NEW YORK, CMC -Guyanese singer Eddy Grant has won a copyright case against former President Donald Trump over using the 1980s dance hit “Electric Avenue.” In a 30-page decision on Friday, the judge found Trump liable for damages in a hotly-contested copyright battle.
In the first legal blow, the judge found that the song was copyrighted correctly. In the second, the judge threw out the only defense in the case: a claim that Trump had made “fair use” of the song.
“It’s everything we asked for,” Grant’s attorney Brett Van Benthysen said in an interview with Business Insider. “One hundred percent.”
Another of his lawyers, Brian Caplan, said Grant, a UK citizen who lives in Barbados, has been informed of the decision.
“Mr. Grant believes that the ruling will help other artists and owners of copyrights defend against similar infringement,” Caplan said.
“This is a complete victory for Plaintiffs as to liability. Plaintiffs will be seeking attorney’s fees in the subsequent damages phase,” he added.
It remained unclear whether the parties would agree to damages among themselves or go to trial and have a jury pick a number.
“There will either be a trial just on damages, assumedly before a jury, or we could agree to a number without a trial,” Van Benthysen said.
Grant’s lawsuit demanded that Trump pay him US$300,000, although that could rise if the former president must also pay the thousands of dollars in legal fees the artist has spent during four years of litigation.
Subpoenas forced both Eddy Grant and Trump to give dueling depositions in the case, and former Trump adviser Dan Scavino was also deposed.
Grant sued Trump in 2020 over a campaign tweet — a 55-second animation that showed then-presidential candidate Joe Biden feebly puttering along a railroad track in a push cart while a high-speed “Trump-Pence” train zoomed past.
About 40 seconds of “Electric Avenue” is part of the soundtrack.
In summarizing the case history in his decision, US District Judge John G. Koeltl revealed that Scavino—Trump’s director of social media and deputy chief of staff for communications at the time—uploaded the video to Trump’s personal Twitter account on August 12, 2020.
“Scavino testified that he saw the video on a Trump supporter’s social media page either on the same day or the day before he posted the tweet,” the judge wrote Friday.
“Scavino also testified that he spoke with former President Trump before posting the tweet and that former President Trump ‘let [him] go with [his] instinct on it and post it,’” the judge wrote.
The video was viewed more than 13.7 million times, was liked more than 350,000 times, and was retweeted more than 139,000 times.
Grant’s lawyers immediately sent Trump’s lawyers a cease and desist letter, but the video wasn’t taken down until Grant sued on September 1, 2020.

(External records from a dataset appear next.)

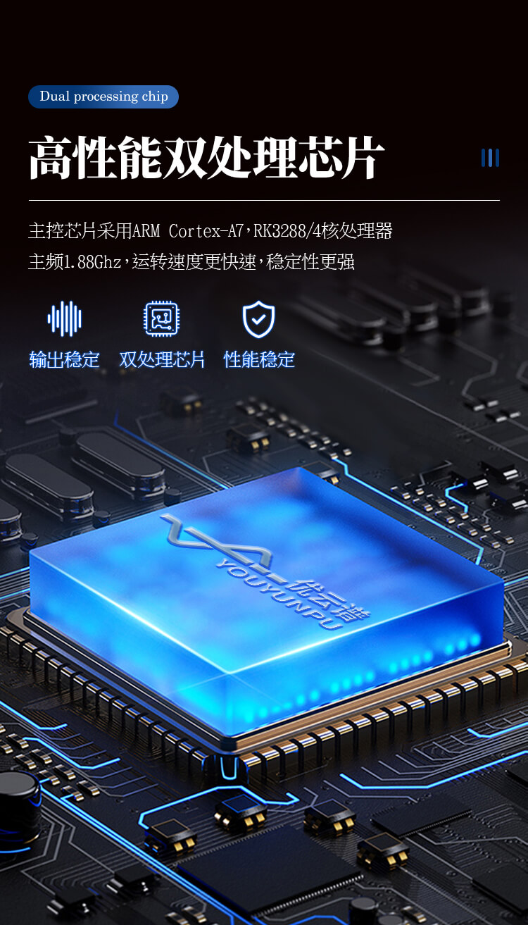 1、主控芯片采用ARM Cortex-A7,RK3288/4核處理器,主頻1.88Ghz,運(yùn)轉(zhuǎn)速度更快速,穩(wěn)定性更強(qiáng)。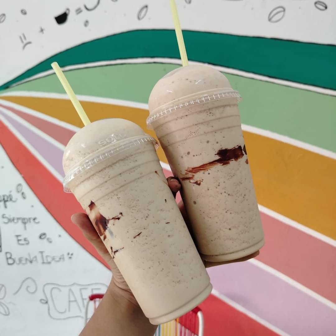 Bebida a base de plátano, café, avena, cocoa, crema de cacahuate.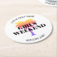 Girls Wochenende Junggeselinnen-Abschied Custom Round Paper Untersetzer. Erstellen Sie Ihre eigenen Party-Vorräte und Zubehör. Personalisieren Sie mit Zielnamen und lustigem Zitat. Girly Design mit tropischer Palme. Spaß für Brautparty, Junggeselinnen-Abschied, Girls Nacht out, Hochzeit, Verlobung, Jubiläum, Party, Geburtstag, Feiern etc. Niedliches Design mit stilvoller Typografie. Einzigartige Geschenkidee für Freunde, Familie, Gäste, Brautmädchen, Braut, Gruppe, Büromitarbeiter, Kollegen, Partner etc.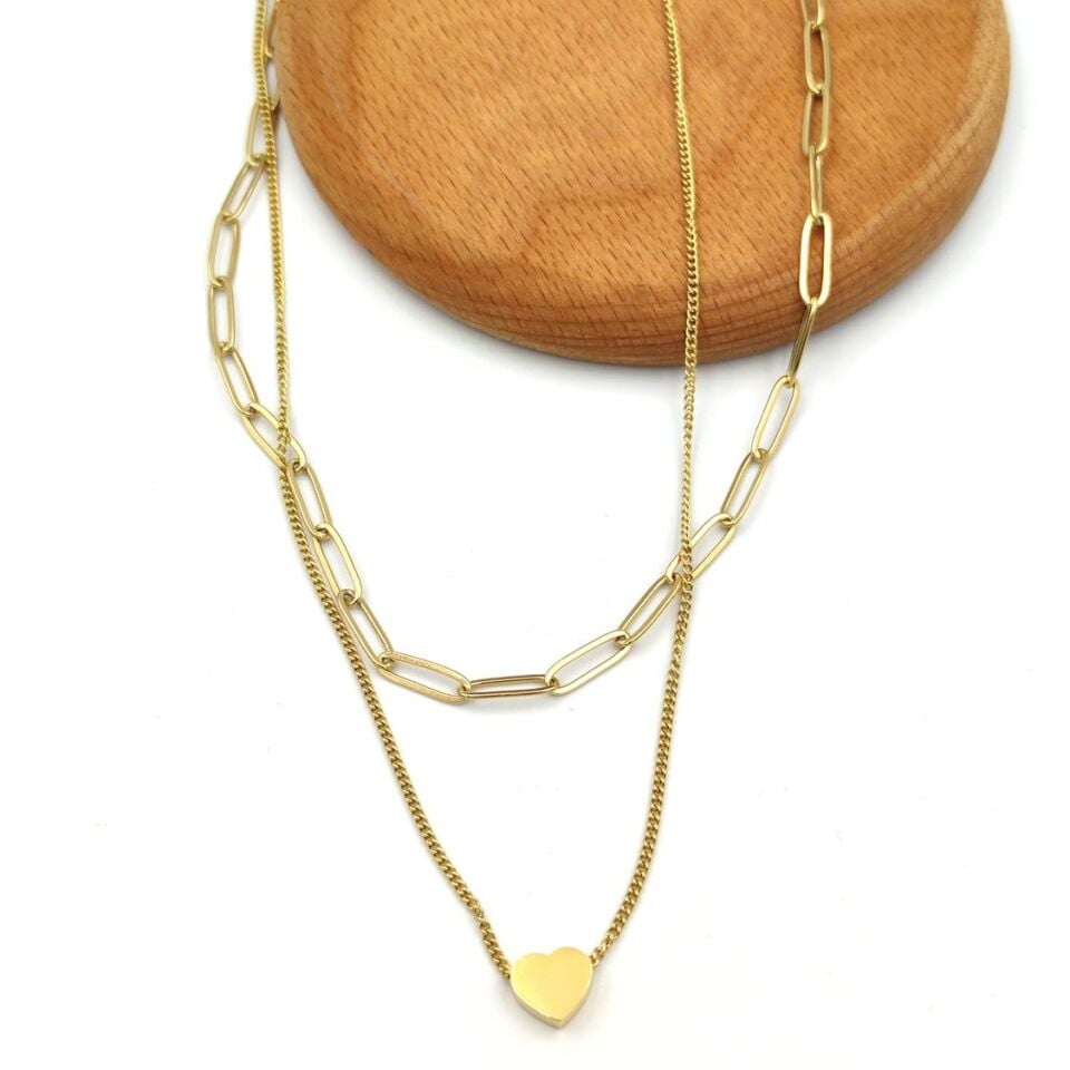 İKİ SIRA ATAÇ ZİNCİRLİ KALP ÇELİK KOLYE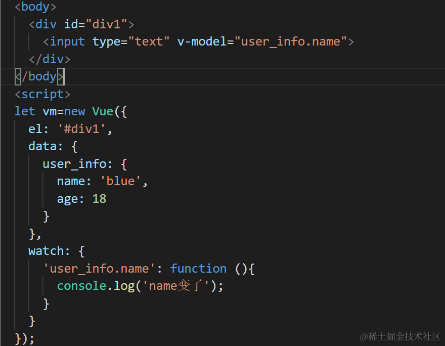 - watch主要用于监控vue实例的变化,它监控的变量当然必须在data里面声明才可以,它可以监控一个变量,也可以是一个对象,但是我们不能类似这样监控,比如: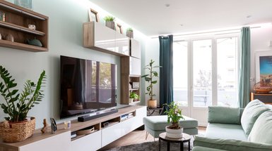 - На фото 1: интерьер гостиной в квартире 87,5 кв.м в г. Санкт-Петербурге. В кадре диван Порту от divan.ru. Дизайнер: Анастасия Березинец, студия At Home Interior; фотограф: Наталья Мавренкова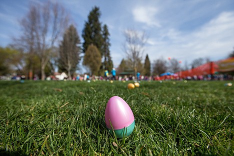 <p>GABE GREEN/Press</p><p>A brightly colored plastic egg lies in the grass as children await the start of the Real Life Ministries Easter egg hunt Saturday morning at Phippeny Park in Coeur d’Alene.</p>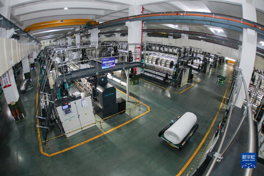 福建晋江,华宇铮蓥集团第五经编车间内,一排排经编机正在高速运转,AGV物流机器人不停穿梭其中。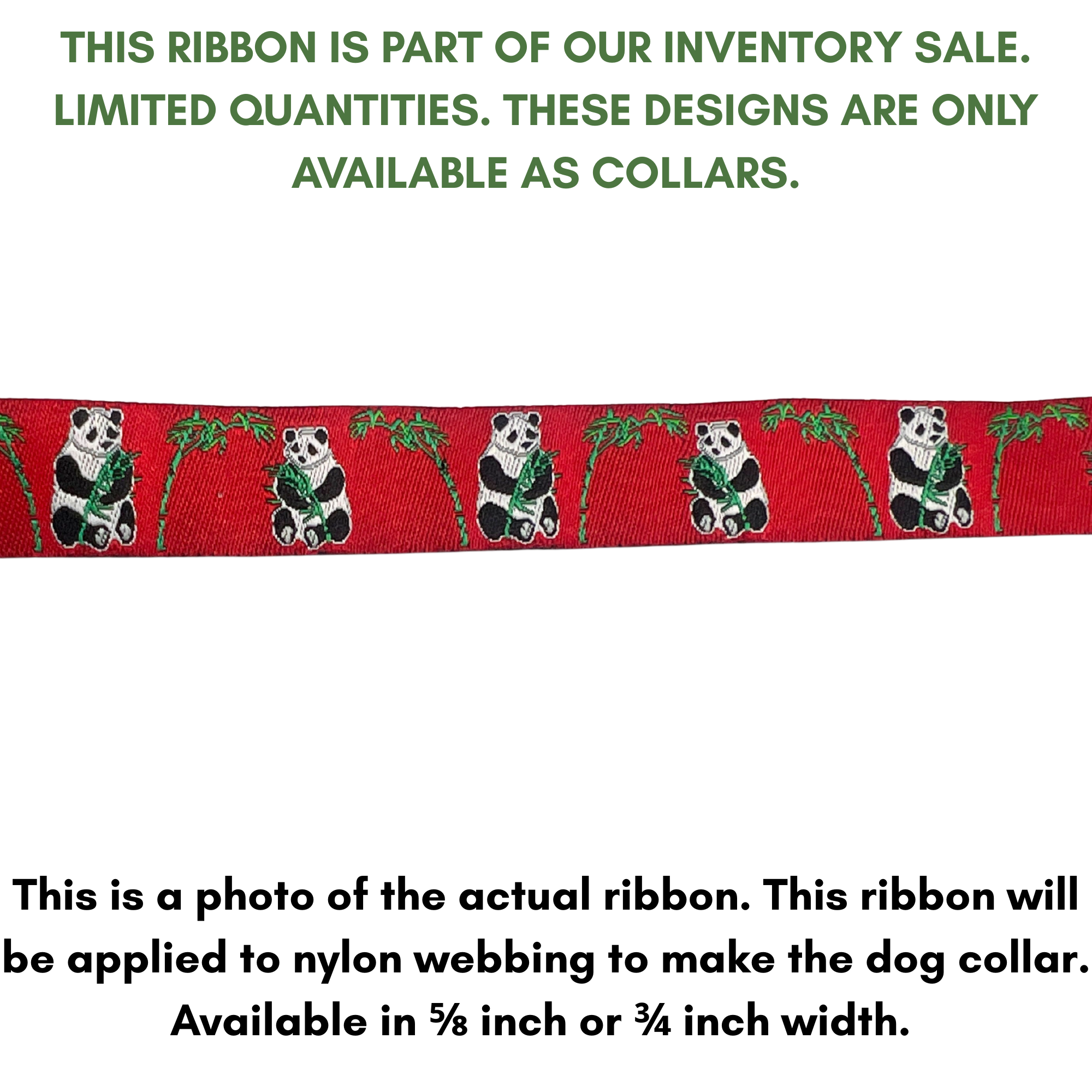 Pandas and Bamboo on Red jacquard ribbon dog collar.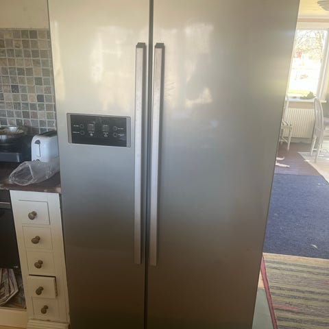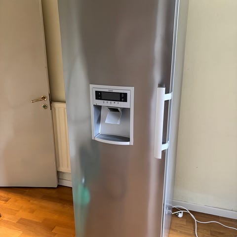 Ytskiktet i rostfritt stål är anpassat för köksmiljö. Side-by-side-lösningen ger gott om utrymme för förvaring av både kyl- och frysvaror i hemmet.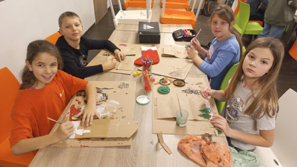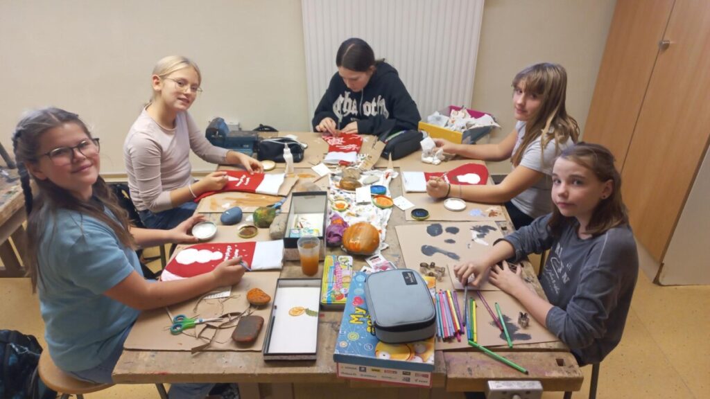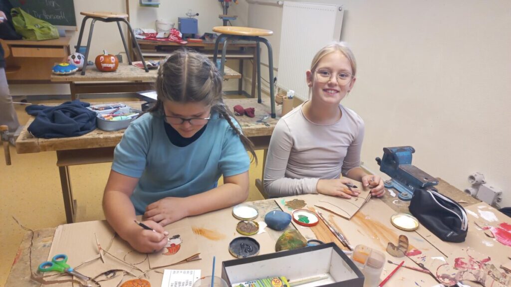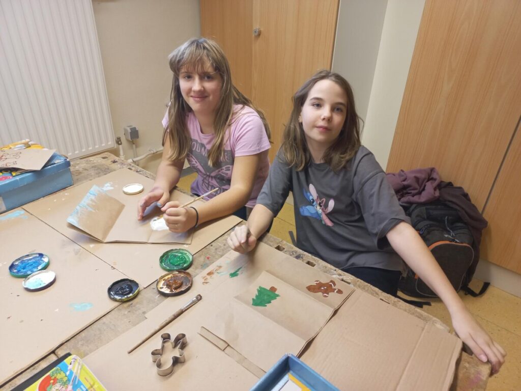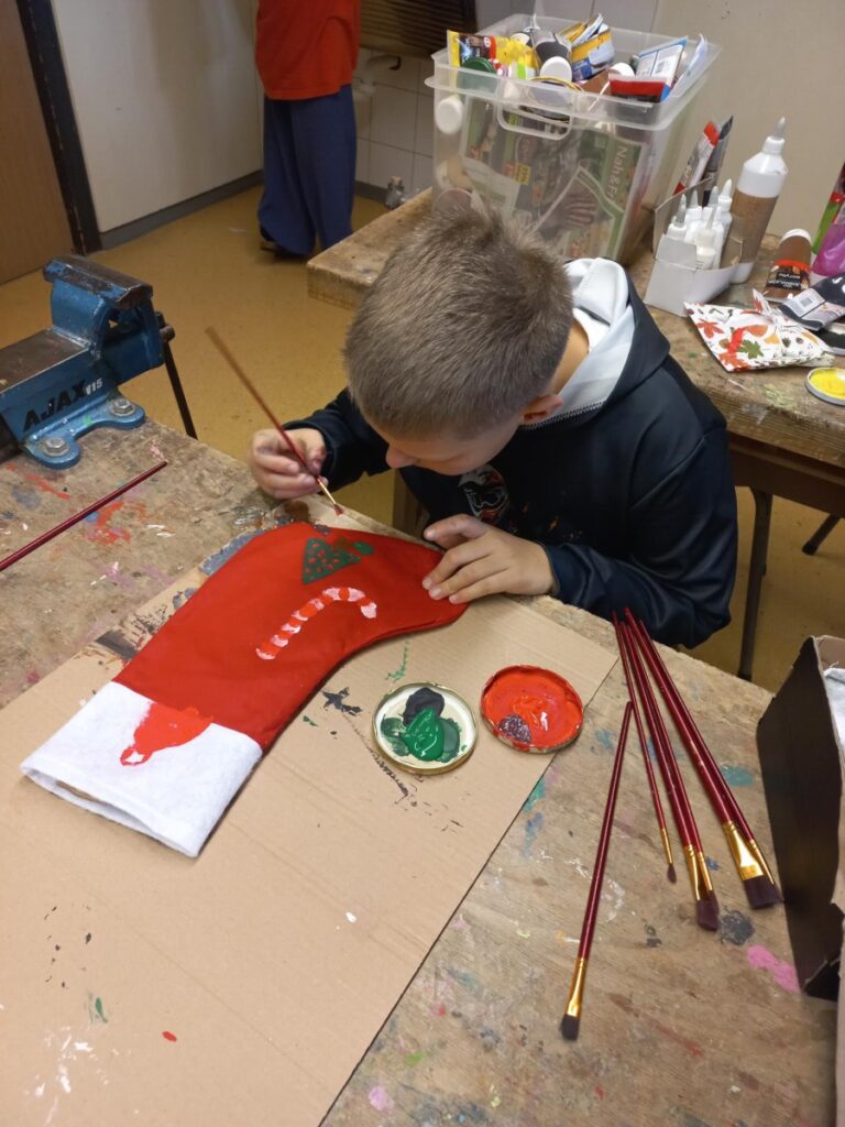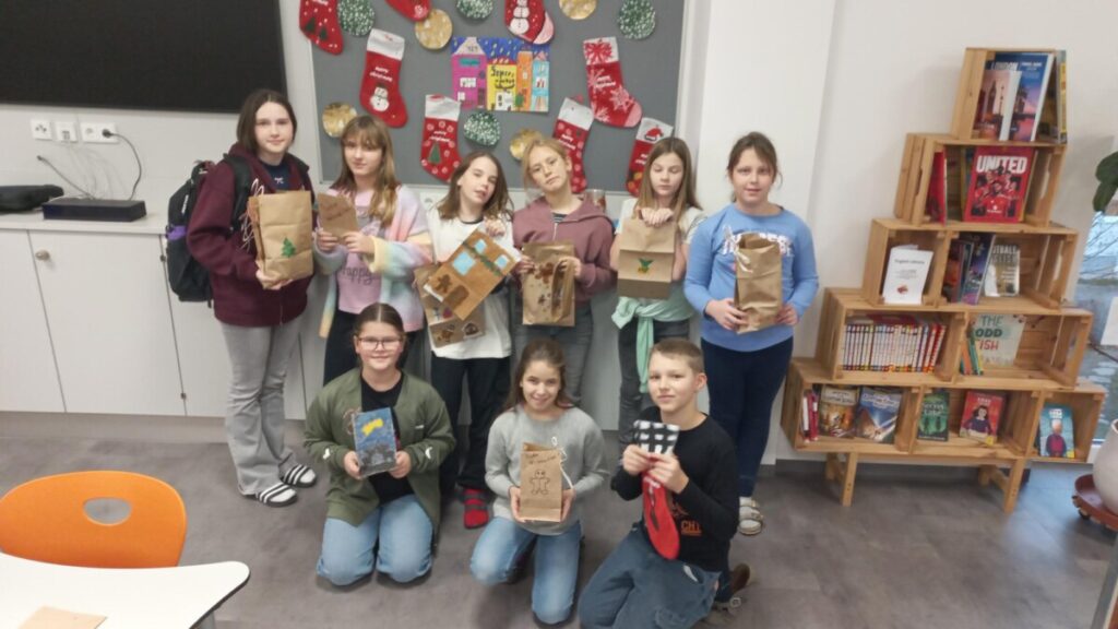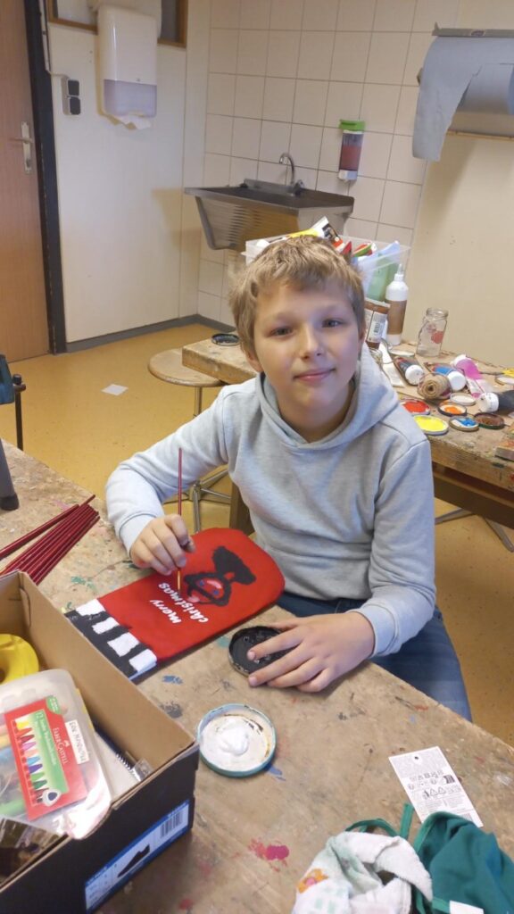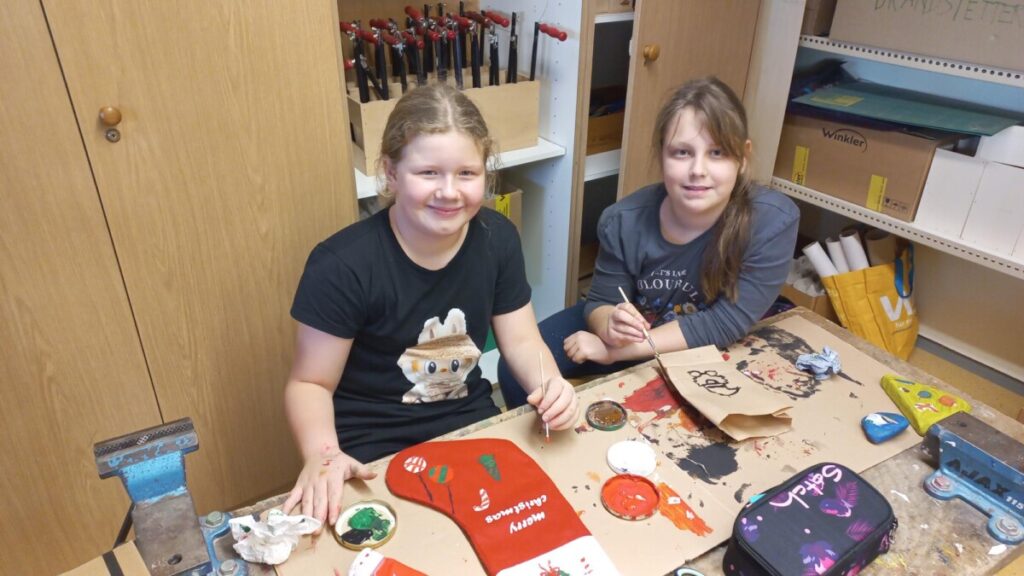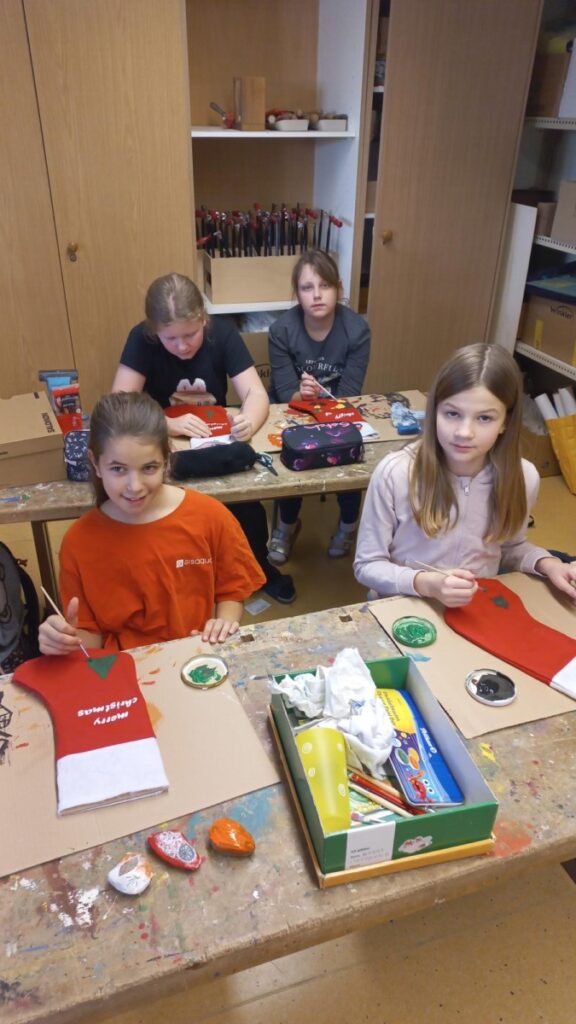 Fleißig werken schon unsre Weihnachtswichtel in der derzeitigen Weihnachtswerkstätte in KG: Die Kinder fertigten bereits aus nachhaltigen Papiersackerln selbstbedruckte Geschenkssackerl für das heurige Weihnachtsfest an. Rote Stoffweihnachtssocken wurden mit viel Freude bemalt, bedruckt und können zu Weihnachten zum Befüllen aufgehängt werden. Derzeit zieren diese kleinen Geschenksverpackungsideen unsere Aula, die seit der 1. Adventwoche in weihnachtlichem Lichte erstrahlt!

The Business insider reported that in rejecting Trump’s claim that Grant had never properly secured a copyright for the Electric Avenue sound recording, the judge said it was enough that Grant held the copyright for a compilation record that included the song.
Decisions in multiple prior legal cases support that finding, the judge said.
Trump, meanwhile, was unable to cite a single supporting case, the judge said.
In rejecting Trump’s claim that the animation was a “fair use” of the song, the judge methodically followed the four-factor standard for fair-use exemptions to copyright.
The first factor looks at how the copyrighted work was used. In Trump’s case, the judge wrote that Electric Avenue was used for a commercial purpose, not for an allowable non-profit, research, or educational purpose.
The second factor examines whether the copyrighted work was “creative” or “factual.” “It is clear that “Electric Avenue is a creative work and therefore is closer to the core of copyright protection,” the judge wrote.
The third factor weighs how much-copyrighted work was taken for unauthorized use. The judge found that “the song plays for the majority of the animation; the excerpt is of central importance.”
The final factor asked “whether, if the challenged use becomes widespread, it will adversely affect the potential market for the copyrighted work,” the judge wrote.
“In this case, there is no public benefit due to the defendant’s use of ‘Electric Avenue, ’” the judge wrote.
“As the plaintiffs correctly argue, the defendants ‘could have used any song, created a new song, or used no song at all, to convey the same political message in the Infringing video.’”
The judge noted that the damage to Grant could be significant if the copyright to his songs was not strictly enforced.
“Widespread, uncompensated use of Grant’s music in promotional videos — political or otherwise — would embolden would-be infringers and undermine Grant’s ability to obtain compensation in exchange for licensing his music,” the judge wrote.
An attorney for Trump did not immediately return a request for comment from the publication.